Several years ago, when I modified the affix stripping code, I also removed the subscripts from the affixes in en/4.0.affix, as the original code didn't use them for dict lookup.
At some point (I didn't check when) the LPUNC code (in strip_left()) didn't check for subscripts anymore, but this went unnoticed because en/4.0.affix didn't include LPUNC subscripts. Similarly, the later-written MPUNC code also doesn't handle subscripts.
The RPUNC code (in strip_right()) still handles subscripts because it shares a common code with UNITS, and units may be subscripted.

As a result, to following languages have some mishandled LPUNC tokens:
id, th, demo-sql, he, vn, demo-atomese, and the aforementioned any.

When I fixed LPUNC to re-consider subscripts, another problem happened in the case of ''.y and ''.x (twice single quote) : mangled results. The problem is that '' is not in the dict (especially not ''.y - as lookups are now done wWasith the subscript), and is thus resolved as UNKNOWN-WORD. It then gets subscripted by a subscript of UNKNOWN-WORD and the code doesn't expect this double-subscript. Was it an unfinished trying to add '' as a synonym to double quotes? (For that, a change is needed in the QUOTES handling, see (1) below).

---> My proposed fix is to disallow subscripted affixes which are not in the dict.

Regarding unsubscripted affixes that are not in the dict, maybe they should be allowed if they match a regex (in that case the code should be modified to add a regex check). For example, '' currently match EMOTICON (but there is no point to strip it as EMOTICON unless we strip everything that matches EMOTICON, a thing that can be done with affix regexes, see (2) below).

---> I will fix these bugs, add subscripts and send a PR.

While looking in the affix list, I got these questions/ideas:

Note that BULLETS include --. However, the relevant code may handle single characters only. If desired, the BALLETS list can be changed to a list of tokens like RPUNC etc. (code modification is needed for that).

In a PR that I would like to send next (originally to support stripping punctuation in amy), I added the ability to specify LPUNC and RPUNC regexes (as /regex/). I used this feature only for amy.
However, I think it may be a good idea to add that also to MPUNC (mostly copy/paste) so it will be able to split on commas/colons using regexes with lookahead/lookbehind to prevent the mentioned pitfalls.
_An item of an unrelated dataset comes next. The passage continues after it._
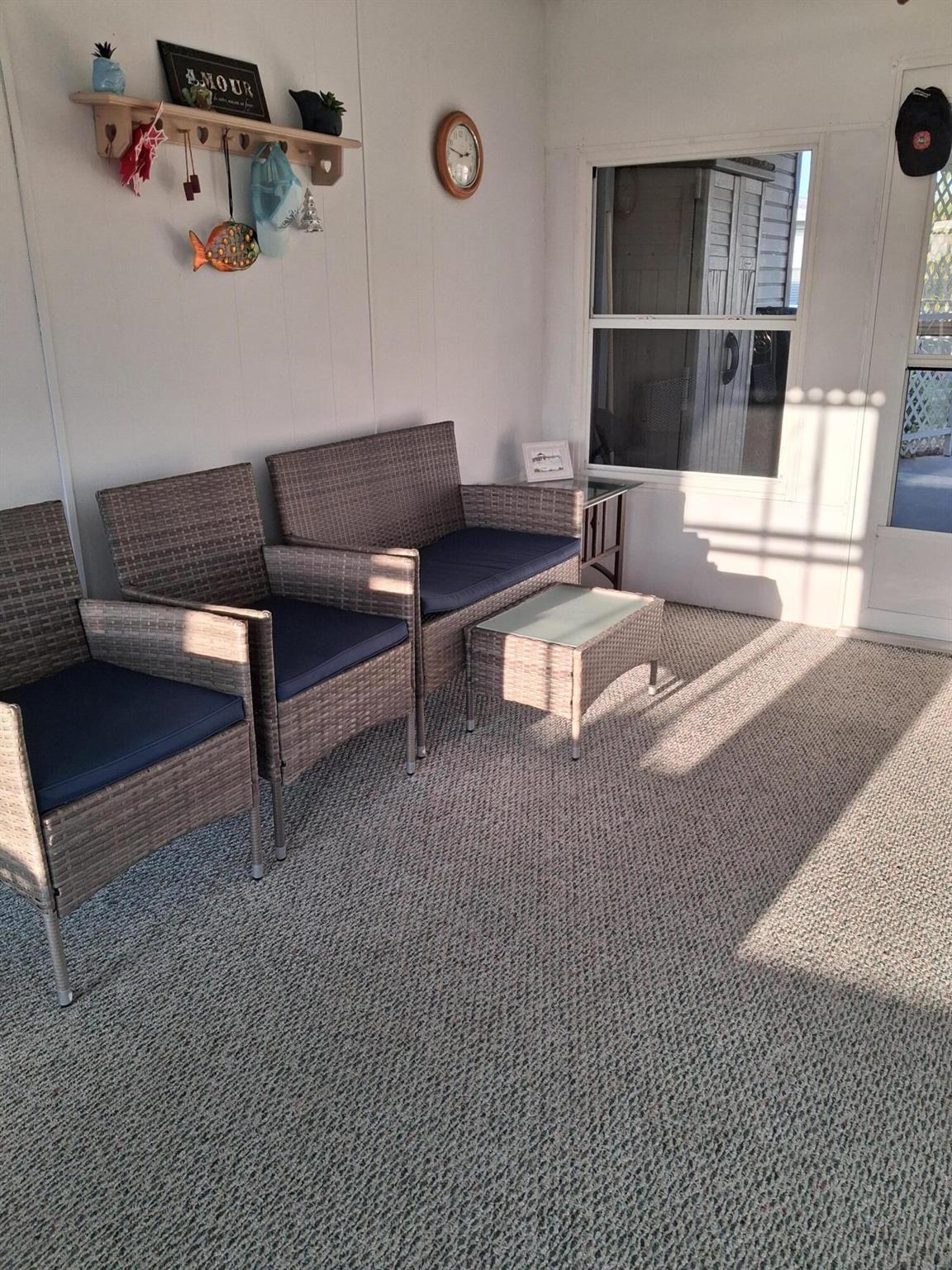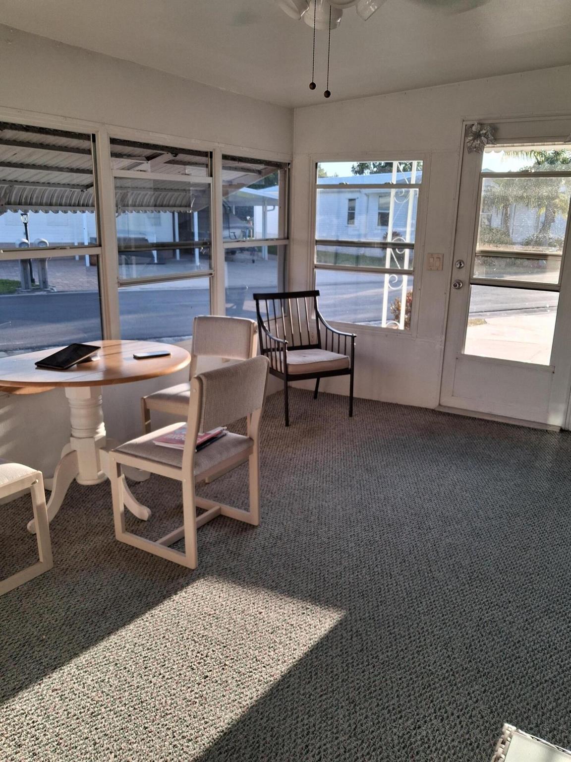 SEMINOLE COVE 2/2 Furnished with 2 Master suites and all appliances. NO STEPS to go into home. 2 entrances with driveways on both sides. Both entrances lead to front porch. Relax or read a book and enjoy the Florida weather. Large living room and open concept to dining area. Inside laundry area. Both master suites have large closets, bathrooms & ceiling fans. Home has a metal room and storage room. Corner lot and landscaped with fruit trees and center island. Seminole Cove is a 55+ community with a heated swimming pool, large clubhouse, fish cleaning house, shuffleboard court and many activities to keep busy. Gated at dusk for security, Measure rooms for accuracy

link-grammar/data/en/4.0.affix

Lines 30 to 39 in 46a2d31

    
           % Split words that contain the following tokens in the middle of them. 
        
           % We don't want comma's in this list; it tends to mess up numbers. e.g. 
        
           % "The enzyme has a weight of 125,000 to 130,000" 
        
           % We don't want colon's in this list, it tends to mess up time 
        
           % expressions: "The train arriaves at 13:42" 
        
           % Some kind of fancier technique is needed for tokenizing those. 
        
           % 
        
           % TODO: this list should be expanded with other "typical"(?) junk 
        
           % that is commonly (?) in broken texts. 
        
           -- ‒ – — ― "(" ")" "[" "]" ... ";" ±: MPUNC+;

It needs PCRE2/C++ regexes, but with a POSIX regex library, the lookahead/lookbehind expressions would be character sequences that just "never" match.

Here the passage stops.